▸ WORK TO COMPLETE: Among the lines below, the one containing "快船開季6勝21負一度西部墊" opens the range and the one containing "国鉄 伊勢田尻駅 10円赤線 入場券 硬券 昭和40年 鉄道 貴重品" closes it. Print that range exactly, without the pictures.
=== DATASET RECORDS ===
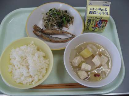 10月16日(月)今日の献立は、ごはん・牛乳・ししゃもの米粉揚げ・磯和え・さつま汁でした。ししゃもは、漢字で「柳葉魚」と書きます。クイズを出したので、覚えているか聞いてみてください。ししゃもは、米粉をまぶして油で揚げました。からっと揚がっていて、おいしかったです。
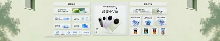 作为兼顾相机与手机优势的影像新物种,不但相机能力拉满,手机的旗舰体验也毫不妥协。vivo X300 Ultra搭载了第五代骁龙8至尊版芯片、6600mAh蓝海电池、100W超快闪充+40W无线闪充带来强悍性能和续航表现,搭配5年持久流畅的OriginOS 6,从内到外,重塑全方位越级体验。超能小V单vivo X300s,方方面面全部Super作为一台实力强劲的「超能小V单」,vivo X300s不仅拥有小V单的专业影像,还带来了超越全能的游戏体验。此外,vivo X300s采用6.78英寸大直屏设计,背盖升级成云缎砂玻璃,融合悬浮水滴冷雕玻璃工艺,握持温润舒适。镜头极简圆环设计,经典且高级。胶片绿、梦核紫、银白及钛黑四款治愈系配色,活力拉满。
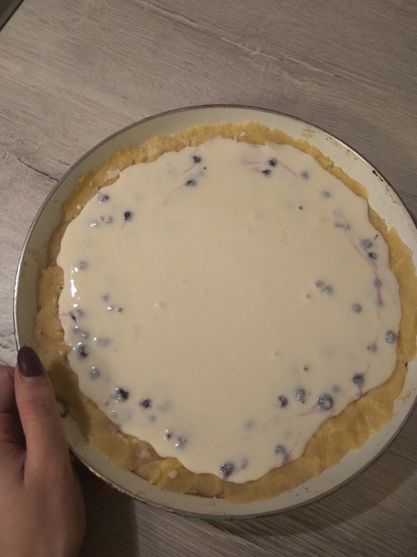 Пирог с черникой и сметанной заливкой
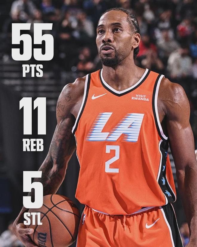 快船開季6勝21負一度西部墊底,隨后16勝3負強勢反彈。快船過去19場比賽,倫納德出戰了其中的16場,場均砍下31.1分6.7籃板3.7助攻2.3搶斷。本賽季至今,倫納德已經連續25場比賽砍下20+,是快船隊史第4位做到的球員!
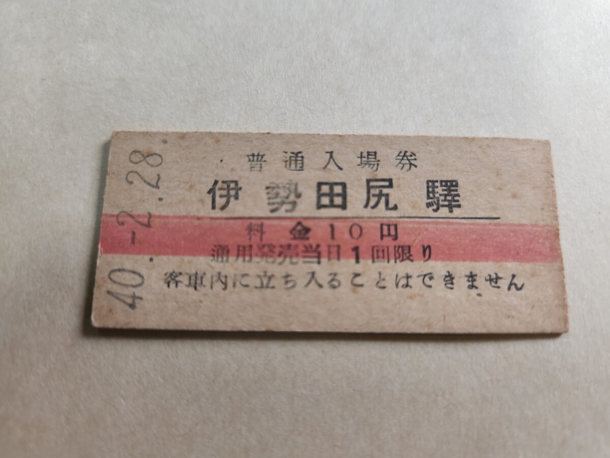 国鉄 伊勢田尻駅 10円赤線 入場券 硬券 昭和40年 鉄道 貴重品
===
=== DATASET RECORDS ===
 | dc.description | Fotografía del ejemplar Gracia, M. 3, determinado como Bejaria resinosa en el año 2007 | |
===
=== DATASET RECORDS ===
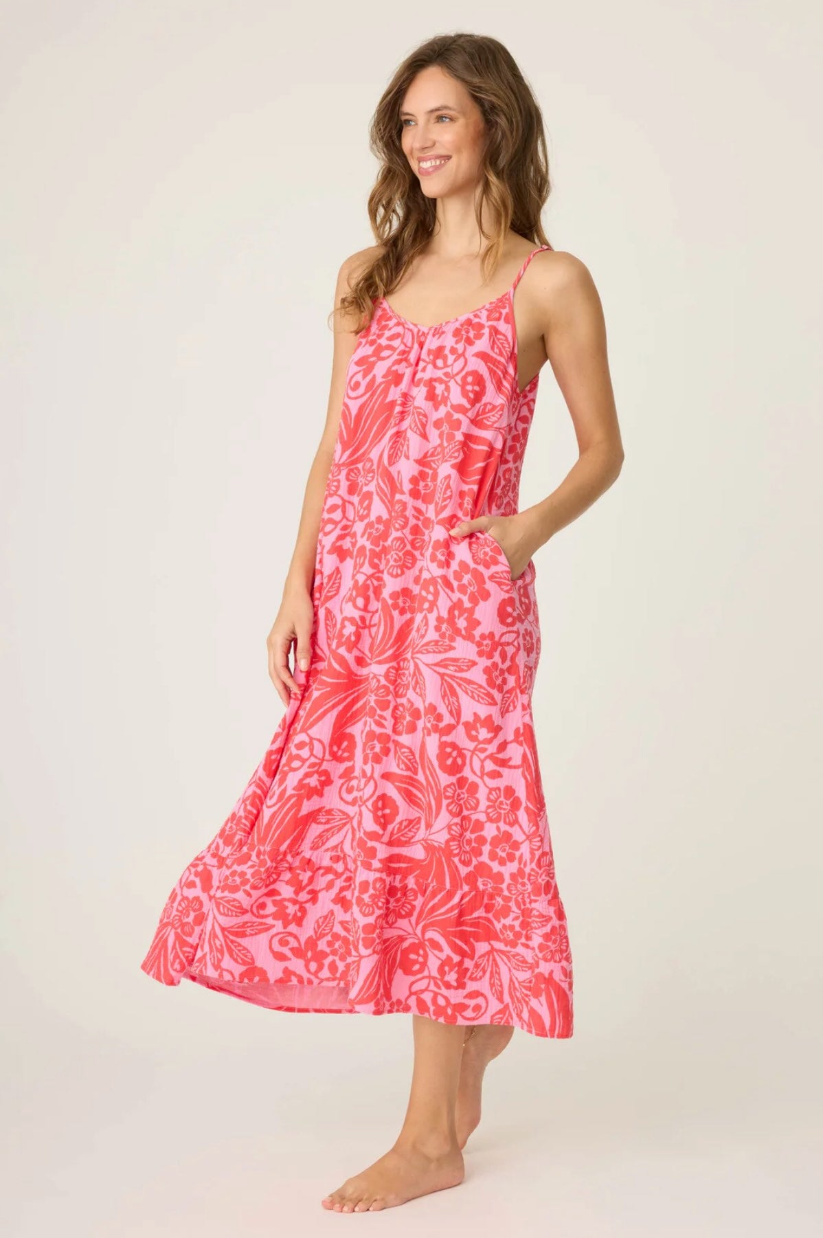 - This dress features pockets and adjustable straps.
===
▸ ANSWER SECTION:
 快船開季6勝21負一度西部墊底,隨后16勝3負強勢反彈。快船過去19場比賽,倫納德出戰了其中的16場,場均砍下31.1分6.7籃板3.7助攻2.3搶斷。本賽季至今,倫納德已經連續25場比賽砍下20+,是快船隊史第4位做到的球員!
 国鉄 伊勢田尻駅 10円赤線 入場券 硬券 昭和40年 鉄道 貴重品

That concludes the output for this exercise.